“If only every day could be two days, then there’d be time.”

When someone dies, it’s impossible not to see the whole world through their lens. Every moment they should share. Every sight they should see. What they would say and do.

Ian White was one of my best friends. We met when we were eleven years old. He grew up in Dagenham, lived in London for most of his life and was based in Berlin for the last few years. Diagnosed with lymphoma two years ago, Ian was treated in London and died last October aged 41.

A couple of months after he’d arrived in Berlin as he embarked on German lessons, new friendships, loves and his work as an artist, curator, teacher and writer he wrote to me,

“If only every day could be two days, then there’d be time.”

Ian at wedding

Ian made the toast to the bride and groom at our wedding with some beautiful words he wrote on love. The best alternative best man we could have hoped for.

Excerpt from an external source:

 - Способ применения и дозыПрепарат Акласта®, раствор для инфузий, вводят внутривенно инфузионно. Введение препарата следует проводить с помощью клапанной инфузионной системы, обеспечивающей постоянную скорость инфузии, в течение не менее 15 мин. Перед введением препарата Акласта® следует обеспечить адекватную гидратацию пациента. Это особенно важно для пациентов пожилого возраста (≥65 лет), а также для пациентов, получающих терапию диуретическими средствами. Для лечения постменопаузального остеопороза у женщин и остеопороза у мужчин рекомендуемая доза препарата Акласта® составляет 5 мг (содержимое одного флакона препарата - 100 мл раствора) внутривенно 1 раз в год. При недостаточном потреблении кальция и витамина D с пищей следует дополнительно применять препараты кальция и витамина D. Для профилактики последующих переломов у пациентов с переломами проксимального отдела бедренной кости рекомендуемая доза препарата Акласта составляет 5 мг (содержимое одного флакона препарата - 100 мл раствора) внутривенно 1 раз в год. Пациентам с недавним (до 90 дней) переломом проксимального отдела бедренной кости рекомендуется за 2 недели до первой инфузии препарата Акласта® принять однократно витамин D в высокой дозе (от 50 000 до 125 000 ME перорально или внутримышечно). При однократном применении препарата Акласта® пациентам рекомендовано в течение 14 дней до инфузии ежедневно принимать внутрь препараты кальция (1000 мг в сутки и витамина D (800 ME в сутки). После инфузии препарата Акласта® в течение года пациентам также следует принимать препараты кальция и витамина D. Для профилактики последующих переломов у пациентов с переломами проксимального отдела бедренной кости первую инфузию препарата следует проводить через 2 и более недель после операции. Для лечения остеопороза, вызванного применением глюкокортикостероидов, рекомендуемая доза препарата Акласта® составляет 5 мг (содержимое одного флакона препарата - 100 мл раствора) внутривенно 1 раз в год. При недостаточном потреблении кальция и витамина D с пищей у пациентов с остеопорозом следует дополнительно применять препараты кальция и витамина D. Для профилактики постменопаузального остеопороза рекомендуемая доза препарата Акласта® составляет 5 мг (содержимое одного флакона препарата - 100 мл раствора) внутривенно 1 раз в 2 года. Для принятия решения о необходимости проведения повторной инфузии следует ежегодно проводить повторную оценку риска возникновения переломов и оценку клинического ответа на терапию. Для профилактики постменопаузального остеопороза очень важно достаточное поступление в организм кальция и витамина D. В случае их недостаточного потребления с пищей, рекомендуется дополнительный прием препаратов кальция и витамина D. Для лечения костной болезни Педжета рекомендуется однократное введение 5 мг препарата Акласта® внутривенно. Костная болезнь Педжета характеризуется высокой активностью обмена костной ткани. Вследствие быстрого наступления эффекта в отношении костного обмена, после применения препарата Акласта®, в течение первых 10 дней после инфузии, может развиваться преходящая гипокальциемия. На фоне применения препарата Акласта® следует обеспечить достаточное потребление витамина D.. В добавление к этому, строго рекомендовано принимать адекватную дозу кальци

Ian leaves us – his friends, his family, his boyfriend Harry, his peers and colleagues – with astonishment at how much he managed to do in the time he had. And whilst he had a loving, supportive mum, Jackie, there were no leg ups, no family network, no trust fund – he created all this himself: this life, this work. But maybe this is my lens – the hard work, the self-made man – add to that a relentless creativity, tireless support of others, a lot of love. It’s a long way from Dagenham to works curated and shown at the Lux and Whitechapel galleries, performances at the Tate and MOMA, books published, columns and blog posts written, workshops, lectures.

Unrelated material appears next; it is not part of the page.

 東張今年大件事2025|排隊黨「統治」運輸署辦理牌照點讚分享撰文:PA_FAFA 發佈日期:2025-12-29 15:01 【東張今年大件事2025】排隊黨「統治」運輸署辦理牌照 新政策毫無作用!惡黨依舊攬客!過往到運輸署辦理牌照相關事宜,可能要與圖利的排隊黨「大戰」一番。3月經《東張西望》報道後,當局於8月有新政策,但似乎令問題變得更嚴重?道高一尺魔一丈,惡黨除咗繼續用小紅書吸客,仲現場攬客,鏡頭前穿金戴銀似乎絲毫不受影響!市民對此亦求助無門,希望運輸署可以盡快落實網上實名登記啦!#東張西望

Really I don’t know if anything more needs to be said here by me after this time, there are many finely written reviews, obituaries and tributes in print and online.  I love how this article on a performance in Berlin ends, “an enigmatic figure in the world of contemporary performance and an artist who has been working in a consistent and esteemed manner” and fellow artist and close friend Emily Roysdon’s memorial to Ian is beautiful. Ian’s influence is already indelibly inked across the globe onto the individuals he has worked with, performed in front of, taught, befriended and loved. But as I start to get back into thinking about my work, Ian is at the front of my mind all the time. And I wanted to write about my friend.

He was funny, critical, sweet, honest, beyond intelligent, outrageous, brutal, astute, caring and loyal. At times we neglected each other and had one big memorable argument (he was right) but we always came back to a close, enduring friendship – a love – that I wish we could have had for forty one more years. His work was challenging, thoughtful, lyrical. His friendship was a privilege.

I miss him dreadfully. We all do. I was surprised to find this grief for my friend so physical – not just the loss of the love and the mind but the body I loved: the turn of the head at the end of the long, elegant neck; the pursed lips and melting grin; his hands that I held the last time I saw him. Kisses, hugs. Dancing limbs with Jimmy in Tate Britain. “You’ve got a friend.” Holding my weeks-old son, your eyes locked.

Ian lived, worked, loved and was loved. He is here and is not here. I will always be grateful for our friendship, endeavour to live with his honesty, bravery and humour, and never quite believe I will never see him again.